Du côté de la CNAM,  c’est aussi « une institution autiste ». Depuis le mois d’avril 2012 nous attendons un  nouveau contact avec la nouvelle PDG, que nous avons également rencontrée juste après sa prise de fonction   .  Nous avons demandé à ce que l’UMSL , qui compte le plus grand nombre  de médecins spécialistes, soit signataire de la convention cadre avec la CNAM pour pouvoir être intégrée dans le cercle des négociations  concernant l’assurance-maladie. Nous avons demandé la révision de la convention sectorielle qui date déjà de presque 6 ans( depuis 2006). Nous avons évoqué les problèmes de retard de paiement, de l’élargissement de la liste des pathologies et de la revalorisation des honoraires. Nous avons également proposé la tenue d’un conseil national de l’assurance maladie. Nous voulons un moratoire sur la CNAM. Celle-ci étant  une institution publique au même titre que les sociétés nationales, est  tenue de présenter chaque année un rapport moral et financier. Nous exigeons cette transparence et nous voulons avoir une vision globale de l’assurance-maladie en Tunisie.  Le ministre des Affaires sociales, a parlé d’un déficit de 100 milliards il y a quelques mois, qu’en est-il aujourd’hui?

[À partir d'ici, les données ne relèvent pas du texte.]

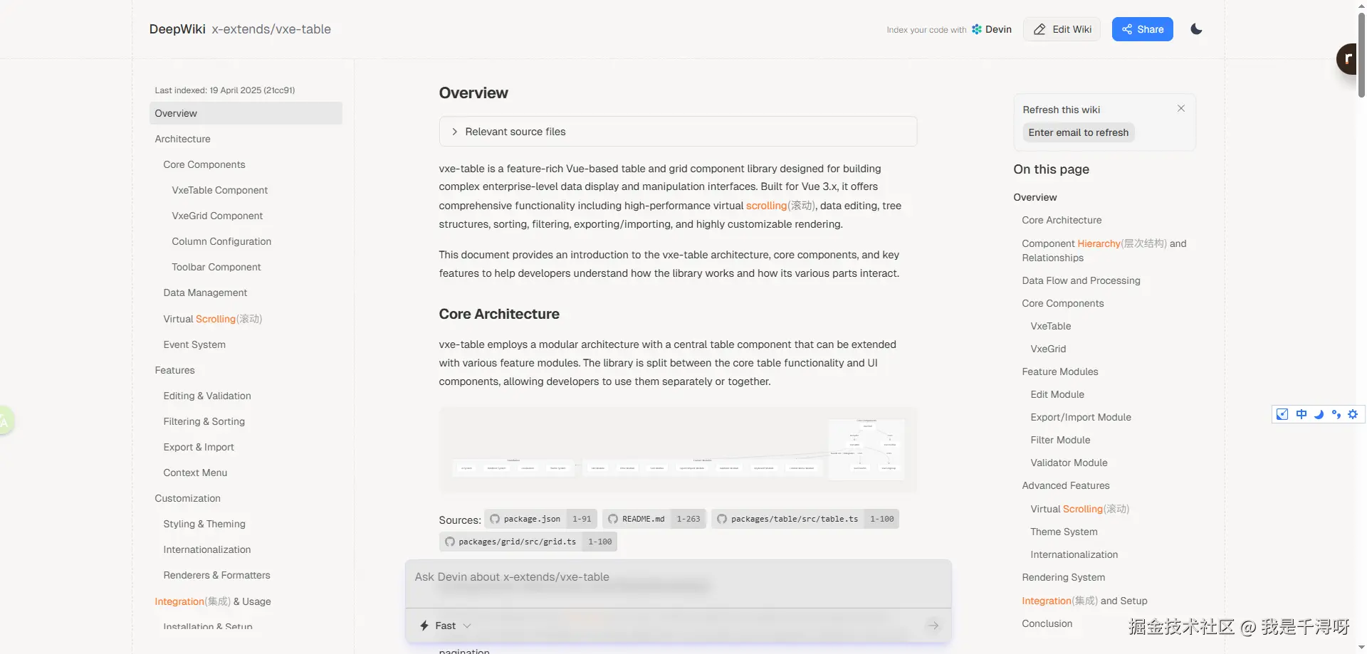 可以看到,deepwiki 对 vxe-table 这个 github 项目重新进行了整理归纳,形成了一个包含简介、架构、构建与脚本、单文件组件、服务端渲染、集成与兼容的一个综合性知识库文档。文档中除了文字还包含大量的图表信息,如架构图、流程图等,我们不仅可以清晰的了解项目的整体结构,还可以详细查看及某一部分的具体使用文档。

Pourquoi la CNAM refuse-t-elle de mettre tous les problèmes sur la table et d’en débattre dans un climat de vérité et de responsabilité avec tous les partenaires concernés. Nous n’avons cessé d’affirmer notre volonté d’aller dans ce sens…et nous sommes encore dans l’expectative. La CNAM doit considérer les médecins spécialistes et l’UMSL comme des partenaires responsables pour la réussite de ce grand chantier de l’assurance –maladie et non comme de simples utilisateurs ,suspects  de dépassements et dérives qu’on doit surveiller en permanence.

 

Il faut savoir faire entendre

Mais il n’y a pas que les médecins spécialistes qui sont confrontés à cette attitude d’exclusion de la part du ministère. Les pharmaciens, les cliniques, les médecins dentistes, tous ont les mêmes problèmes. Il serait d’ailleurs question de créer une intersyndicale et d’agir tous ensemble.  La tension monte de partout, avoue le Dr Charfi. Nous constatons chaque jour  la dégradation de la médecine tunisienne : les  conditions de travail se détériorent et par le manque de communication avec nos interlocuteurs, un laisser-aller s’installe qui n’arrange en rien la situation et ne présage rien de bon pour l’avenir.  « Si on ne veut plus nous écouter ,dit le Dr Charfi,   nous saurons nous faire entendre :  On prévient les autorités concernées  que les médecins spécialistes libéraux n’accepteront pas d’être exclus des décisions qui concernent leur profession  et leur avenir. Nous nous opposerons  au retour des anciennes pratiques. Nous tirons la sonnette d’alarme car le mécontentement s’accroit chez les spécialistes libéraux.Nous n’accepterons pas que la CNAM et le ministère de la Santé  travaillent «  en circuit interne » sans nous consulter,pour ensuite nous   imposer leurs décisions. Nous réclamons le dialogue direct,franc et responsable pour  reconstruire  ensemble notre système de santé qui est bien malade,en plaçant le citoyen  et le patient au centre de nos préoccupations. « Nous attendons nos rendez vous avec le ministre de la Santé et la P.D.G de la CNAM et s’ils ne nous écoutent pas, le syndicat se réserve le droit d’utiliser les moyens légaux mis à sa disposition pour se faire entendre », conclut  le Dr Charfi.